→ TASK TO CARRY OUT
Write out the entries below exactly, but only from the line containing "2区竪穴建物の調査のようす" through the line containing "с обязанностями справляемся.", and without the pictures.

→ INFORMATION
--

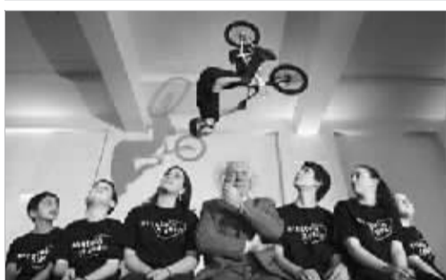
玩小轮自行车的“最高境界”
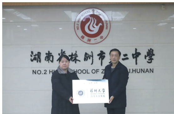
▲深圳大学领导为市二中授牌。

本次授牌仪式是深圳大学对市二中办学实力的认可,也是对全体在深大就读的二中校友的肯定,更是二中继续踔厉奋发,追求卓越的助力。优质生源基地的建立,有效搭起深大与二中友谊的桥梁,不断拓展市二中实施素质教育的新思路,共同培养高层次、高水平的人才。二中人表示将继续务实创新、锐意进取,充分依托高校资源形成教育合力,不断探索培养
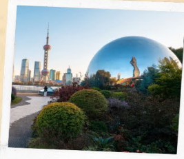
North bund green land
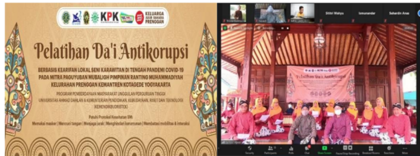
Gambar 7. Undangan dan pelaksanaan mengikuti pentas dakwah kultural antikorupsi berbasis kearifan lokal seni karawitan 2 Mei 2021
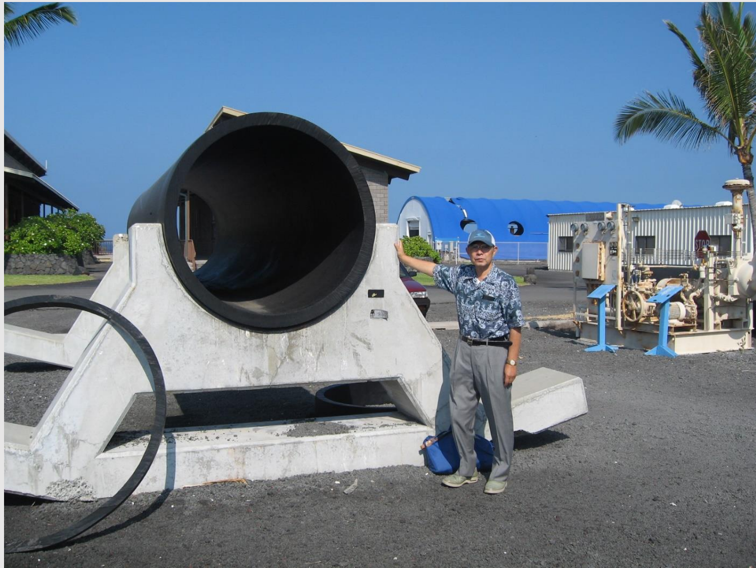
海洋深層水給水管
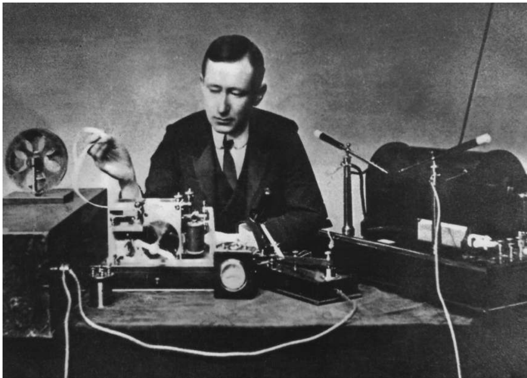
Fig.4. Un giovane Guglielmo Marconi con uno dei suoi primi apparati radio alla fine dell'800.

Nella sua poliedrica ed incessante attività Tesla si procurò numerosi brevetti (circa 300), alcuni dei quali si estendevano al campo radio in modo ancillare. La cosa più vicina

--

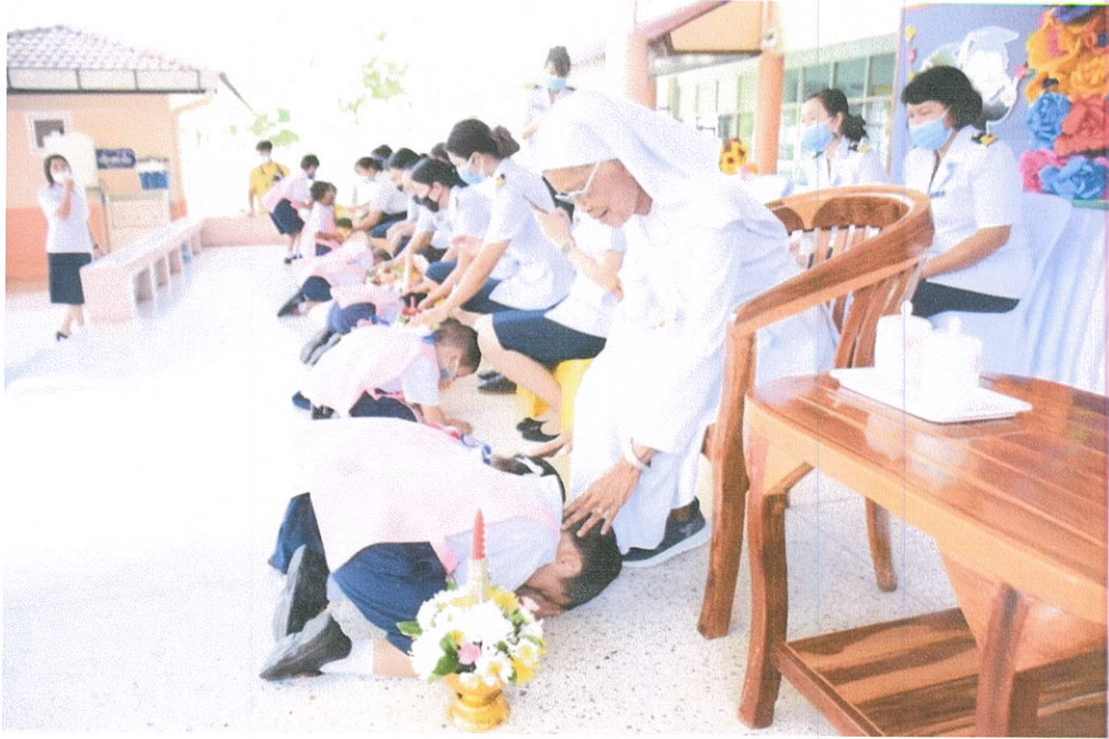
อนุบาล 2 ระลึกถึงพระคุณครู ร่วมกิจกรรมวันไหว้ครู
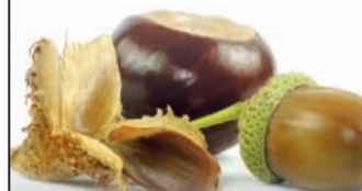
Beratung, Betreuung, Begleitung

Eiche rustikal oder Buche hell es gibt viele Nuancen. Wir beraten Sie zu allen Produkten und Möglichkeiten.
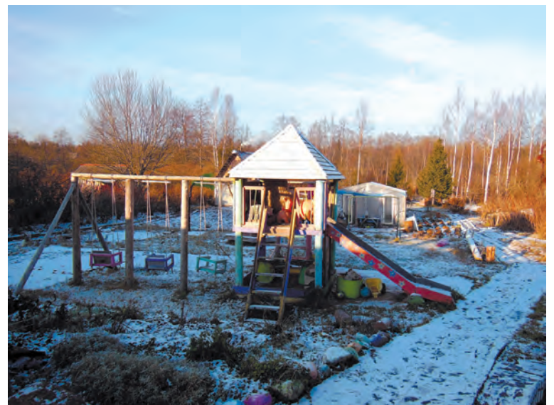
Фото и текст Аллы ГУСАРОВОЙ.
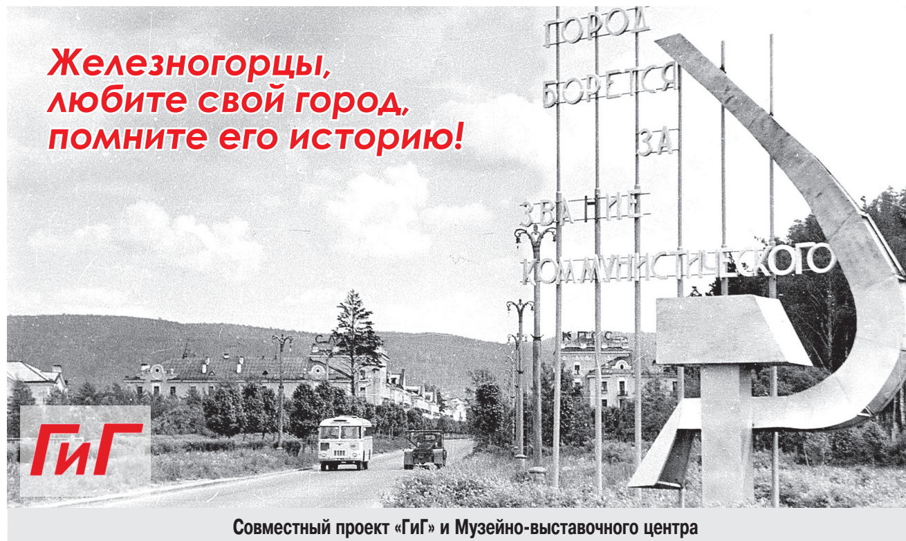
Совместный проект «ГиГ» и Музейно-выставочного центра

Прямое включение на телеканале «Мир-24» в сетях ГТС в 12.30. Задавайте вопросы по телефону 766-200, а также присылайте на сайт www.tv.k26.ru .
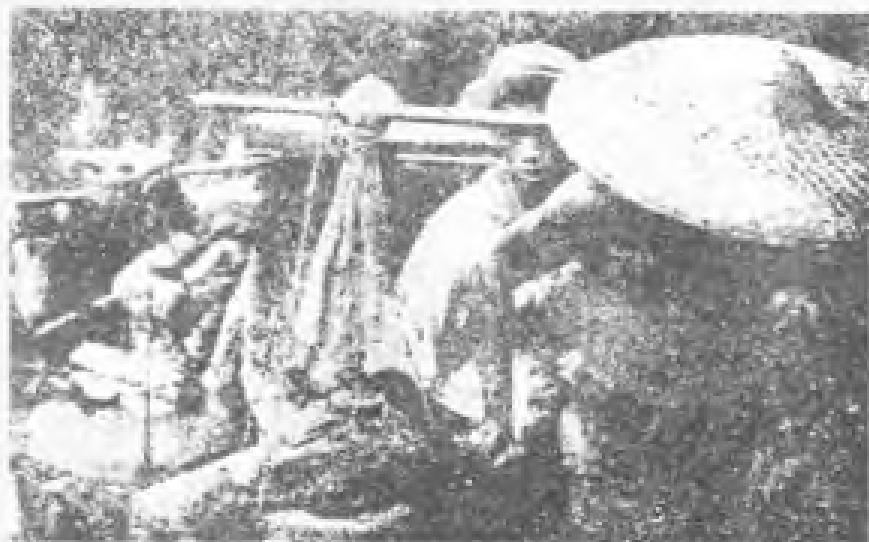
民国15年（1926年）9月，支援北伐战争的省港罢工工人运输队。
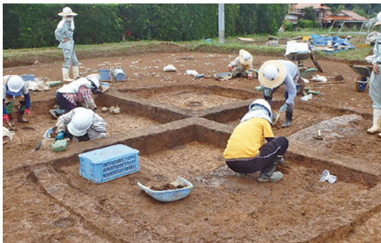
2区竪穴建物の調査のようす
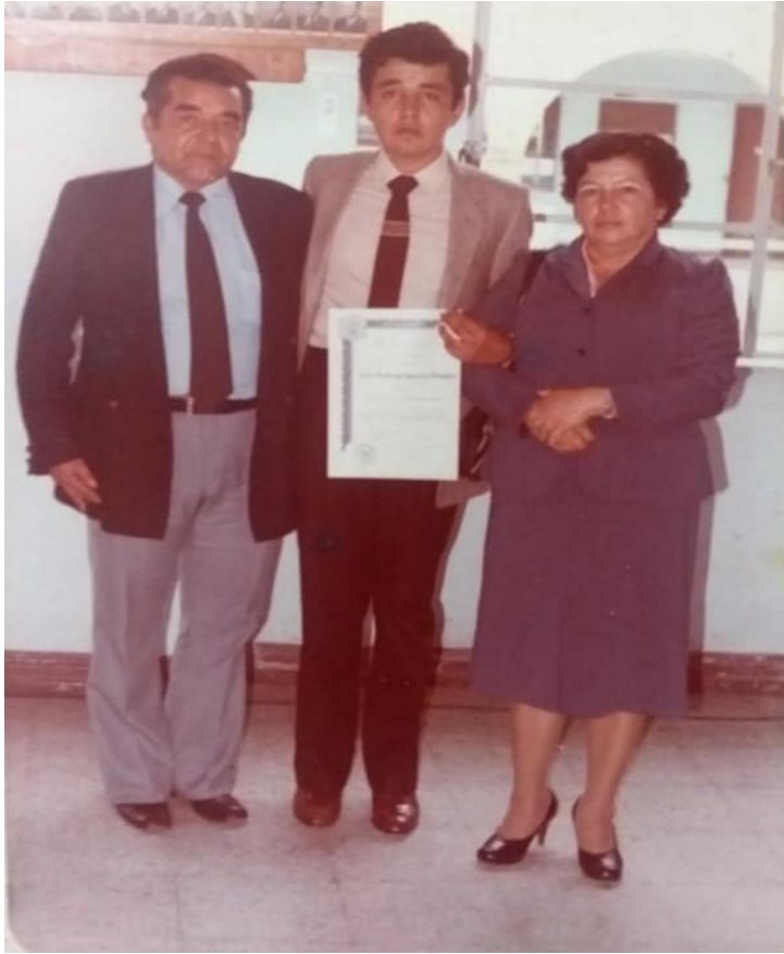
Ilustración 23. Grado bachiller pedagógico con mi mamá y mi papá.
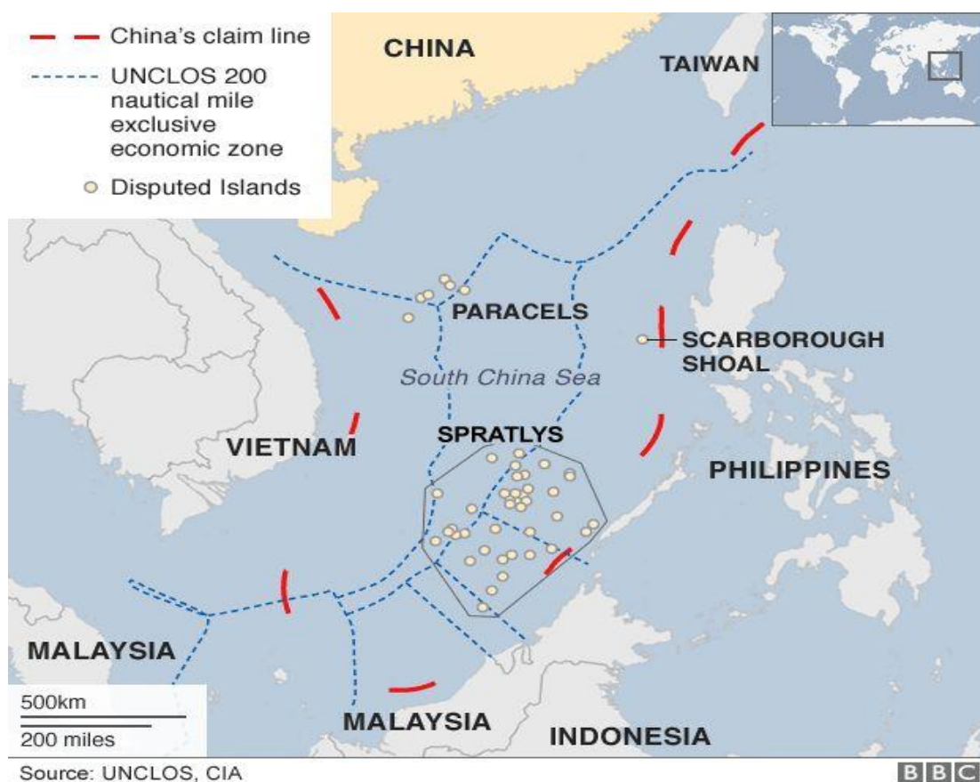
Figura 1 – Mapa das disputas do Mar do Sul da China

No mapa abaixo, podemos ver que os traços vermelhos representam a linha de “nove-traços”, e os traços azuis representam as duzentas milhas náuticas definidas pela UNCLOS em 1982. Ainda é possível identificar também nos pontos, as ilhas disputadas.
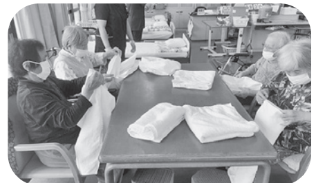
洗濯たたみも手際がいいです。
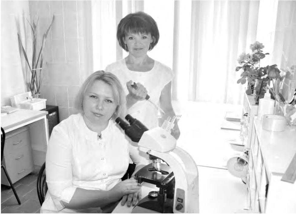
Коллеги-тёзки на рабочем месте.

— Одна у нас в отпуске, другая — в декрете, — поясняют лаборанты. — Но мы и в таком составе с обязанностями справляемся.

--

→ TASK OUTPUT
2区竪穴建物の調査のようす
Ilustración 23. Grado bachiller pedagógico con mi mamá y mi papá.
Figura 1 – Mapa das disputas do Mar do Sul da China

No mapa abaixo, podemos ver que os traços vermelhos representam a linha de “nove-traços”, e os traços azuis representam as duzentas milhas náuticas definidas pela UNCLOS em 1982. Ainda é possível identificar também nos pontos, as ilhas disputadas.
洗濯たたみも手際がいいです。
Коллеги-тёзки на рабочем месте.

— Одна у нас в отпуске, другая — в декрете, — поясняют лаборанты. — Но мы и в таком составе с обязанностями справляемся.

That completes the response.